In this doc it is mentioned that compressed cores can reduce latency at the expense of bandwidth. Does this mean that rather than a core having a 6s block time and 1k TPS it could have a 0.6s block time at 100 TPS?

How does this technically work-- how do transactions on compressed blocks get finalized prior to being finalized on the relay chain? Wouldn’t there have to be validators validating every 0.6s per my example?

Would this enable Polkadot to potentially compete with low-latency blockchains such as Solana?

One core always has the same computational resources and the same bandwidth. But each Core is only doing validation work every 6 seconds for in maximum 2 seconds. This brings you the latency of 6 seconds. If you want to get faster feedback, your application could build faster blocks. Like you proposed every 0.6 seconds. In the end you combine then 10 of your 0.6 seconds blocks into one PoV that you send to the relay chain. The relay chain will then use the assigned core to validate your PoV. For the user perspective you get feedback faster, because you trust the collator that it build a valid block. However, ultimate truth is then coming from the relay chain after it has validated your blocks.

They don’t, or better it depends on what you call finality :wink: If you mean “ultimate finality” as provided by the relay chain, then no you can not finalize these txs/blocks before the relay chain has done it. Basically the relay chain in finalizing on the core level. If the output of a core was included in the relay chain block and this relay chain block was finalized, your PoV and all its blocks/txs are finalized. This takes around 12-18 seconds.
However, you can also get “weak finality” by saying that a transaction was only included in a block by a collator. The point being, it is very unlikely that this transaction then will get reverted, but yeah depends on if there exists forks etc.
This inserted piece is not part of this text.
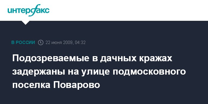 Москва. 22 июня. ИНТЕРФАКС-МОСКВА - Трое подозреваемых в совершении серии краж из дачных домов задержаны в ночь на понедельник в поселке Поварово Солнечногорского района Подмосковья.

In the end it all depends on what your application is doing. If you for example have a social network and want to record a like, waiting for the transaction to enter the transaction pool is probably good enough (one like maybe getting lost isn’t that bad). If you are a payment provider and you want to report back on a small transaction < 50$ for example, waiting for the transaction to be included in a block sounds totally valid. Then, for bigger amounts you may actually wait for finality or at least for the block getting successfully validated by the relay chain.

If you ask me, yes you can compete with Solana. As I explained above, it really depends on what your application is doing and what level of security you need. For better security, you just need to wait longer :wink:

3 Likes

Excellent thanks for the detailed answers-- it makes sense to me now. I guess there is risk that a collator may get corrupted, but it is unlikely as you mentioned.